“Rodin et la danse”, l’histoire d’une passion
Un Rodin peut en cacher un autre… La nouvelle exposition au Musée Rodin montre à quel point Auguste Rodin était fasciné par le corps, la danse, et bien sûr par les danseuses. C’est par la danse que Rodin entra au XXe siècle, et donc en modernité. Sculptures et dessins en témoignent.
“Que le corps parle plus que les mots !” L’exclamation de Rodin sert de prélude à la première exposition du Musée Rodin explicitement consacrée à la danse. “Rodin et la danse” documente l’intérêt du sculpteur et dessinateur pour le geste dansé, et aussi pour les vedettes de la danse de l’époque, sur le pas d’un art qui était à l’époque en pleine mutation et porteur de promesses de modernité.

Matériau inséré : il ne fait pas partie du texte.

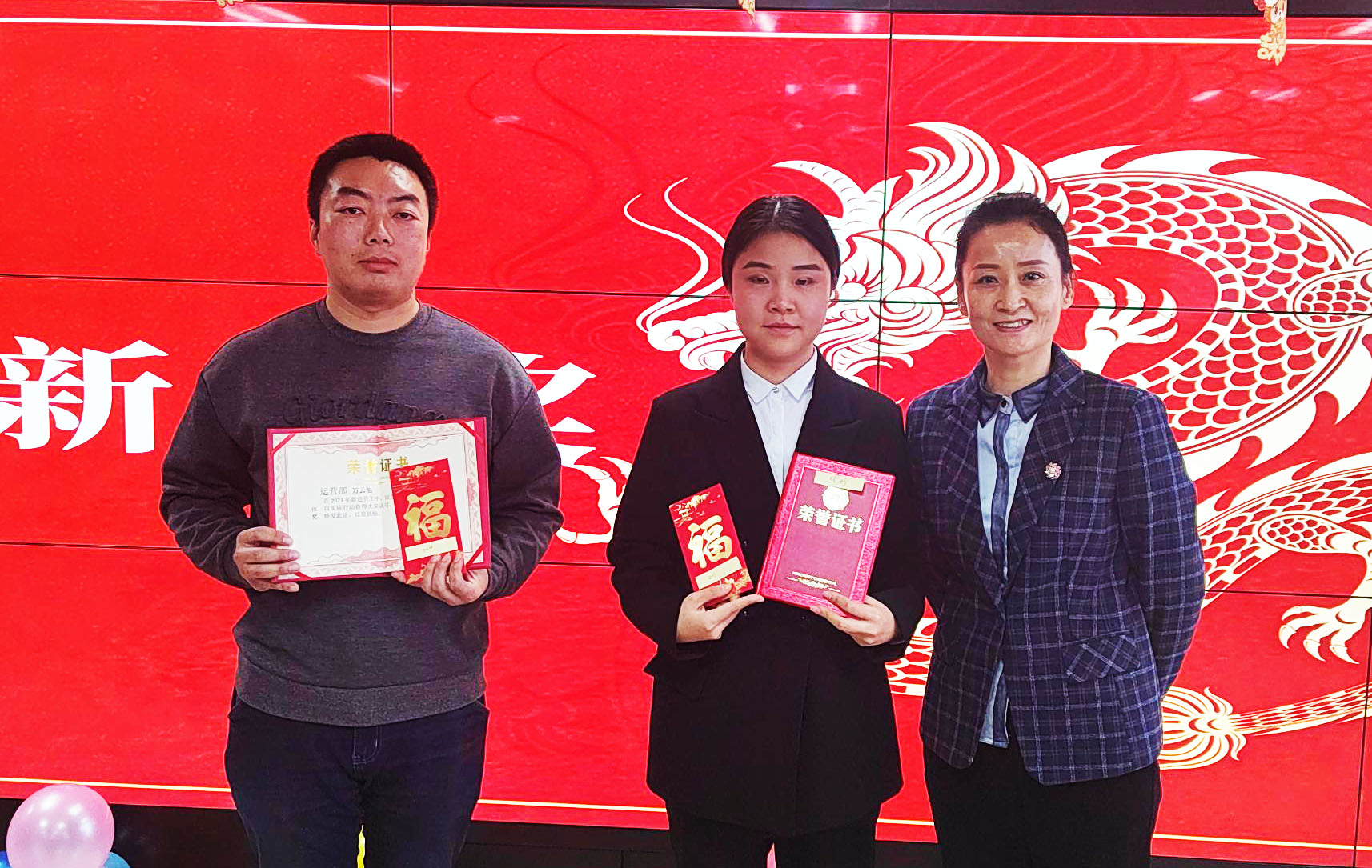 優(yōu)秀員工獎:研發(fā)部王臨風/關國祥/王彤、運營部趙茜、商務部胡冬冬、財務部張書寧、工程部李敦奎
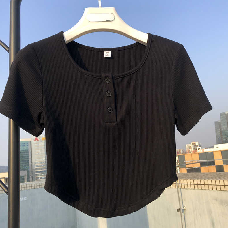 短袖t恤女短款修身夏季新款纯色三粒扣正肩方领百搭显瘦上衣
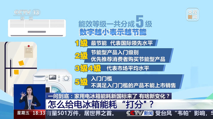 中国标准化研究院研究员成建宏:从耗电量的指标来看,应该说大概提高了30%到40%,尤其咱们主流的产品,像冷藏冷冻电冰箱提高的幅度会大一些,整体上应该说可以为消费者节约40%左右的电。
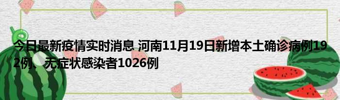 今日最新疫情实时消息 河南11月19日新增本土确诊病例192例、无症状感染者1026例

Le parcours commence donc par une évocation de celles qui ont compté pour Rodin : Loïe Fuller, Isadora Duncan, l’Espagnole Carmen Demedoz, dont on se souvient aujourd’hui surtout parce qu’elle fut une pionnière de l’aviation, et Alda Moreno, danseuse de cabaret et acrobate (mais en vérité Noémie Chevassier et donc bien française).
D’Asie venaient l’actrice et danseuse Ôta Hisa, dite Hanako, et la troupe du Ballet Royal du Cambodge, se produisant à Paris en juillet 1906. Et puis, un homme : Vaslav Nijinski. Rodin assiste, en 1912, à la première de l’Après-midi d’un faune, qui marque un tournant dans l’histoire de la danse.
Le corps et la danse fascinent Rodin
Tout témoigne ici de l’intérêt de Rodin pour la danse. Parmi les œuvres les plus anciennes de l’exposition, on trouve des dessins des années 1880, montrant des danses en ronde ou en groupe et la danse macabre. L’inspiration vient de rites religieux, de rondes ou de bacchanales représentés dans l’art de l’antiquité.
Et on peut admirer, en fin d’exposition, les cartons d’invitation nominatifs envoyés, entre autres, par Loïe Fuller et Isadora Duncan, les grandes pionnières de la danse moderne comme art permettant aux femmes de revendiquer la place de la femme. Car la danse incarnait la modernité artistique, un champ de recherche nouveau et émancipatoire, où les femmes s’expriment et inventent. La danse leur accorda la notoriété et la reconnaissance que le monde – et surtout le marché – de la sculpture, plus institutionnel et conservateur, continua de leur refuser.
Une danseuse de caractère
En réalisant une série de statuettes, Rodin étudie le corps tel un chirurgien surtout sur Alda Moreno, l’égérie des études de mouvement que Rodin réalise en terre cuite et qu’il nomme de A à I, établissant une véritable grammaire du mouvement. La danse ainsi modelée se situe loin du ballet classique.
C’est une danse de caractère qui connaît des appuis au sol, des éléments folkloriques (les sauts !) et acrobatiques et une architecture du jeu de jambes, l’une servant d’appui et l’autre prête à bondir et annonçant un mouvement imminent ou en fin de développé, racontant le mouvement parcouru. Ces études suivent de façon organique les dessins de Rodin réalisés à la fin du XIXe siècle qui glorifient le corps se lançant dans des mouvements qui défient la gravité.
Et puis, Nijinski…
Les études en terre cuite sont le fond de la compréhension cinétique auquel Rodin donne une forme artistique achevée, dans des œuvres pleines de force et de grâce, comme Le Danseur (dit Nijinski), réalisé en 1912, où l’irrégularité de la chair représentée prend des allures véritablement impressionnistes. Et si l’étude de la danse change le regard de Rodin sur le mouvement et le corps, l’exposition évoque aussi les sources partagées situées dans l’art grec, qui inspira Rodin autant que Nijinski et Isadora Duncan.
Le mérite de Christine Lancestremère, commissaire de “Rodin et la danse”, est justement de ne pas présenter un catalogue d’œuvres en lien avec la danse, mais d’avoir travaillé sur les liens et les inspirations, de l’Antiquité à l’Asie, du regard de Rodin sur le corps à ses modèles. On y découvre un Rodin analytique, terre à terre, simple, parfois brut. Un Rodin à l’œuvre, dans une passion pour la danse qui fait suite à celle pour Camille.